People need signs, it seems. Something extraordinary to follow. And we have to see for ourselves; we are skeptics. Some saw what Jesus was all about, but when Philip told Nathaniel, it was hard for Nathaniel to fathom. You’ve got to be kidding! “Nazareth! Can anything good come from there?” When Jesus meets up with him, though, Jesus says just enough to make him believe … “I saw you under the fig tree.”

The Samaritan woman has a long conversation with Jesus. She is intrigued by him, that he would talk to a woman, to a Samaritan … She engages him in theological rhetoric … but she is cynical and only convinced by his ability to read her life. She can’t keep that to herself … He’s the Messiah, the Christ, the promised one, really, “he told me everything I ever did.”

Nicodemus heard about the signs; he concedes that Jesus is from God. He came to him at night saying, “Rabbi, we know you are a teacher who has come from God. For no one could perform the signs you are doing if God were not with him.” His questions are deeper, though, as he tries to make sense of who Jesus is.

For Jesus the miracles are not meant to be the main attraction. They are merely tools that allow him to speak and teach with credibility. It’s the revelation of the kingdom of God; teaching and preaching the love of God and the truth of Gods realm — that’s what his ministry is about.

While he’s teaching one day, a man who was possessed by a demon distracted him. The demon called attention to his true nature as the Son of God, so Jesus demanded the spirit leave the man. People began to talk. Afterwards they went to Simon and Andrew’s house, and they find Simon’s mother-in-law in bed with a fever. Jesus heals her. By the time dinner is eaten, the town’s people are lining up to be healed. Jesus has gone viral. Everyone wants to see him, to witness the miracles, to have their loved ones healed. Popularity, however, isn’t always something to be desired. Crowds demand attention. Jesus needs to get away … at first to a private place to pray, and then to a new town where his viral fame has not yet penetrated … to a place where he can teach and preach. “That is why I have come.”
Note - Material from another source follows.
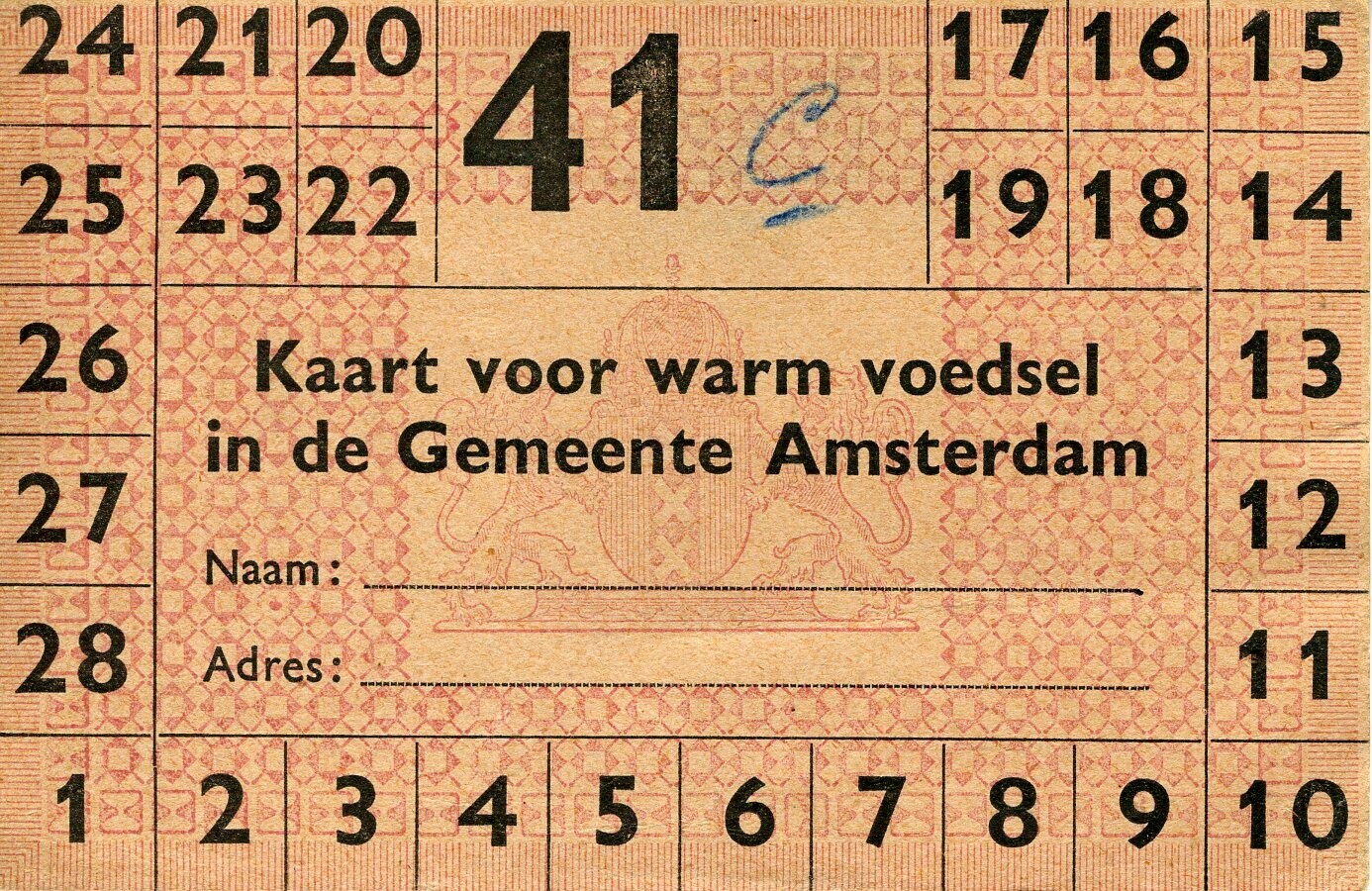 Een rozerood kaartje met op één kant "Kaart voor warm voedsel in de Gemeente Amsterdam" met op de achtergrond het wapen van Amsterdam en langs de rand een kader van de cijfers 1 t/m 28. De kaart zelf draag het nummer 41. Op de andere kant o.a.: "Op vertoon van deze kaart zal bij voorkomenden noodtoestand dagelijks een portie warm voedsel worden verstrekt. De kosten, de eventueel in te leveren levensmiddelenbonnen en de tijd van afgifte zullen te zijner tijd worden bekend gemaakt. uitgifteplaats: Oranje Vrijstaat 1".

Now we see Jesus, filled with compassion, still healing … Yet now he implores those he heals, “Please, don’t tell anyone.” Jesus knows his mission is much greater than healing the flu, epilepsy, or schizophrenia. But people are drawn to sensationalism, so what goes viral? The interpretation of the law, the teaching of Isaiah, the teaching about the kingdom of God? No, God doesn’t make headlines like miracles (or scandals) do. “Jesus Heals the Leper!” “Nazarene Casts Out Screaming Demon!” “Thousands Camp Out Hoping Jesus Will Cure Blindness!”
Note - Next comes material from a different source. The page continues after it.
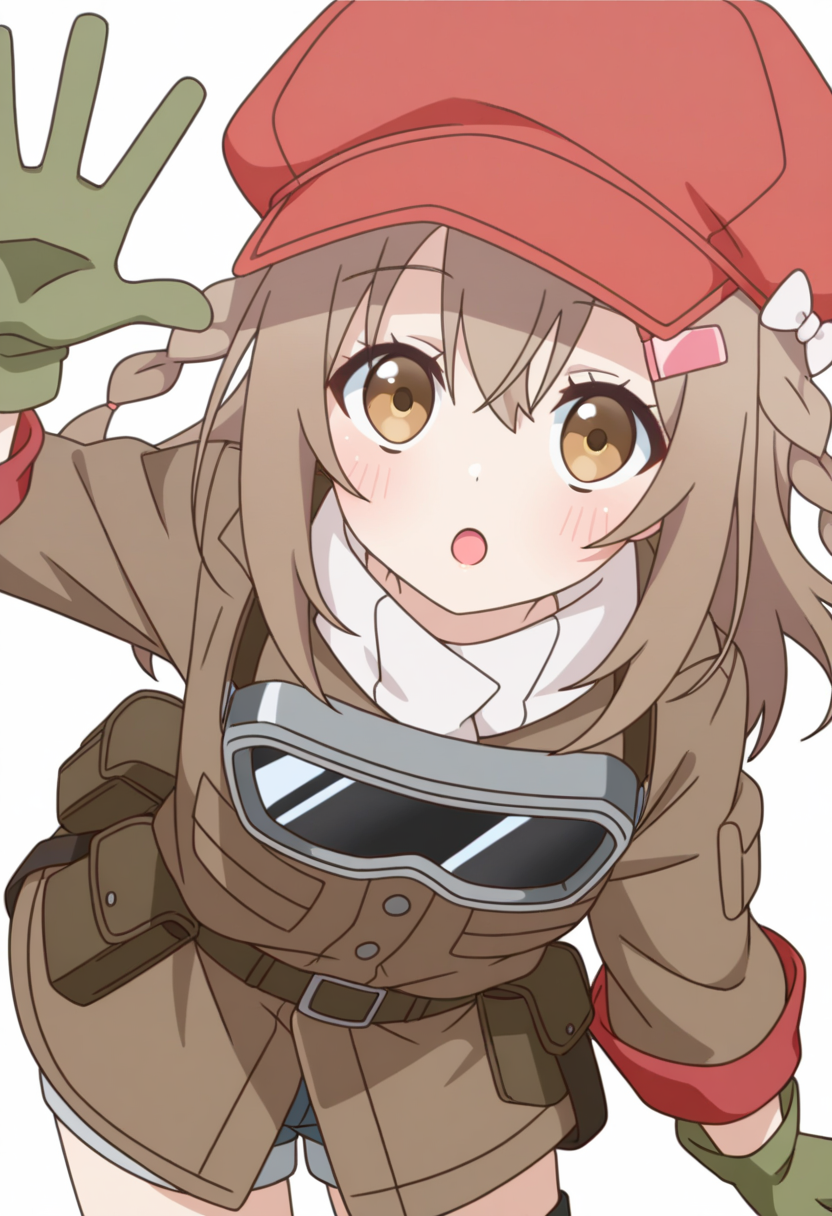 • グリーンの手袋、レッドの帽子、ヘアオーナメント、ブラウンのジャケット、首に巻いたゴーグル

The people are desperate, limited by circumstance but not imagination. Even when there is standing room only at a teaching engagement, security can’t keep away the cure-seekers. Four men climb to the roof, cut a hole in it, and lower their paralyzed friend into the room with Jesus, hoping for a miracle. Jesus not only heals the man, but forgives his sins … Now the headlines shift … “Jesus Claims Priestly Authority!” “Jesus Dines with Corrupt Government Agents!” “Jesus Heals on Sabbath!” Now the headlines capture the scandal. The miracle-worker is a curiosity when he only breaks the laws of physics, but when he threatens the established order, questions the status quo, critiques the religious hierarchy …

Funny isn’t it? What gets our attention?